Everything slows, and her vision shines with rainbows as Shuixing’s bubbles rain down on the demon, popping against him and against her, harming the demon and healing her with a tingling aliveness.
She laughs. This is everything. There’s nothing more than this fight. Nothing in the world. Just this. She feels like she’s been split into a bunch of little pieces: Her arms, legs, feet, and hands, all working separately, yet together. The whole and the parts, the parts and the whole. She doesn’t even have to think about her Desperation Art unlocking, its potential floods through her.
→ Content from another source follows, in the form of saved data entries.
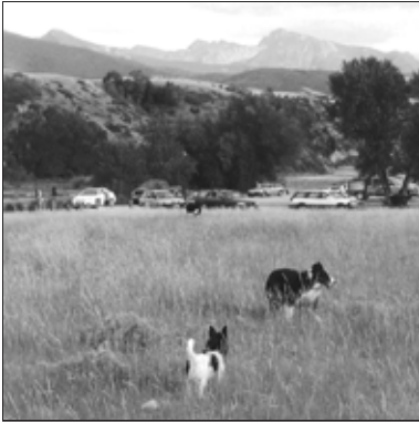
Shelter alumni enjoy Moja Park

In 2006, the park was dedicated to the memory of Moja Campbell, one of the dogs who had so enjoyed
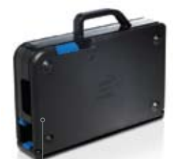
The Intel Portable Capture Station folds up for portability or storage
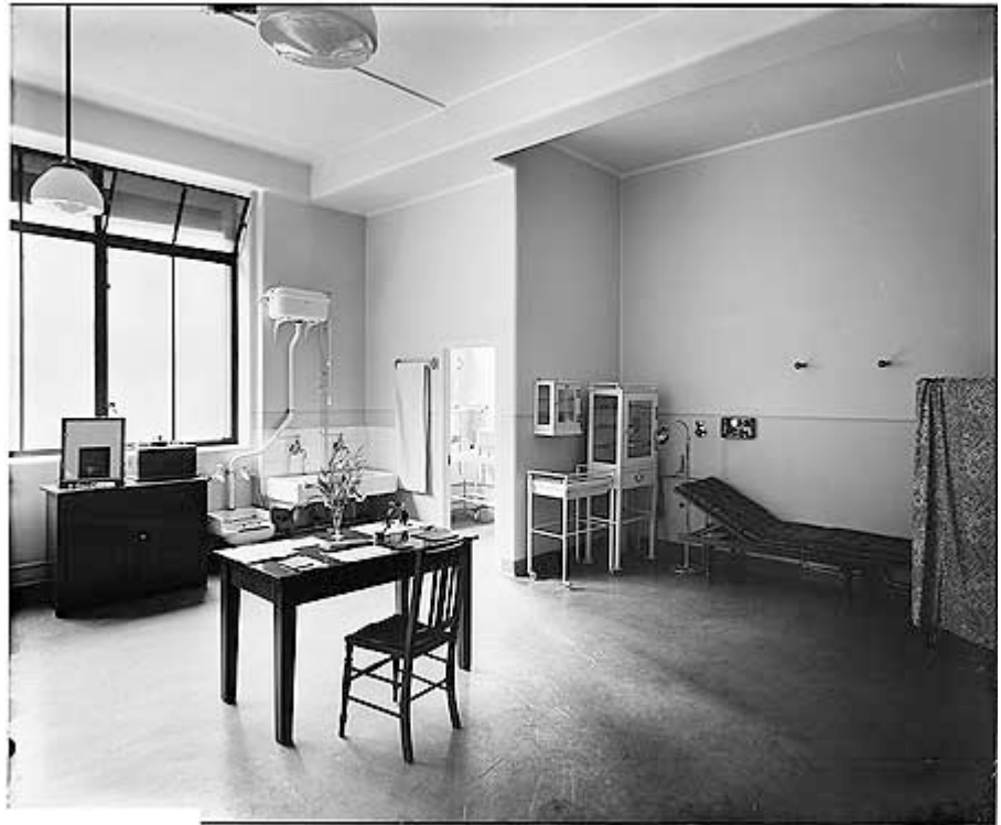
A surgeon's consulting room at the Royal Ear Hospital BL29145A

Hemiola strums on his lute and a wave of Aether Elemental vibrates against the flailing Demon King. Its buffing effects thrum in Natsuko’s body and soul, charging up her Elemental damage to a fever pitch. With another blast of her Fire Gale, she repositions under the Demon King, and when she’s directly under him, she activates Spontaneous Combustion and explodes in a fireball that contains all her passion and elation, adrenaline and ecstasy.
No wonder the ability deals damage to her as well. Everything that she is, has ever been, and will ever be, explodes out of her. A few yards away, Pechorin watches on in awe.
“Ow, fuck!” Natsuko said, falling sideways and jarring her neck and wrists against the pillory as it banged against the floor.
Sofiane laughs—no, laughed—at her misfortune. Time periods were mixing up in Natsuko’s head. Past and present and past. Waking up sober sucked ass. She preferred the oblivion of falling asleep drunk because there were no dreams or memories in the abyss of booze.
While Natsukos was recovering from consciousness, Shuixing snapped her fingers, an idea coming to her with the bang of Natsuko’s pillory hitting the floor.
“Guys, what if Natsuko was right? What if that Pengwu is the key?” Shuixing said.
Sofiane yawned, waking up from his own, much more comfortable nap. “You mean steal the golden bananas and convince him to work for us?”
Shuixing shook her head and looked down at her feet with a guilty look. “No, I mean… if we got Natsuko’s bottle back… we um, we could…”
Natsuko’s and Sofiane’s jaws dropped. Pechorin’s didn’t only because he was focused on a suitable third line for a poem.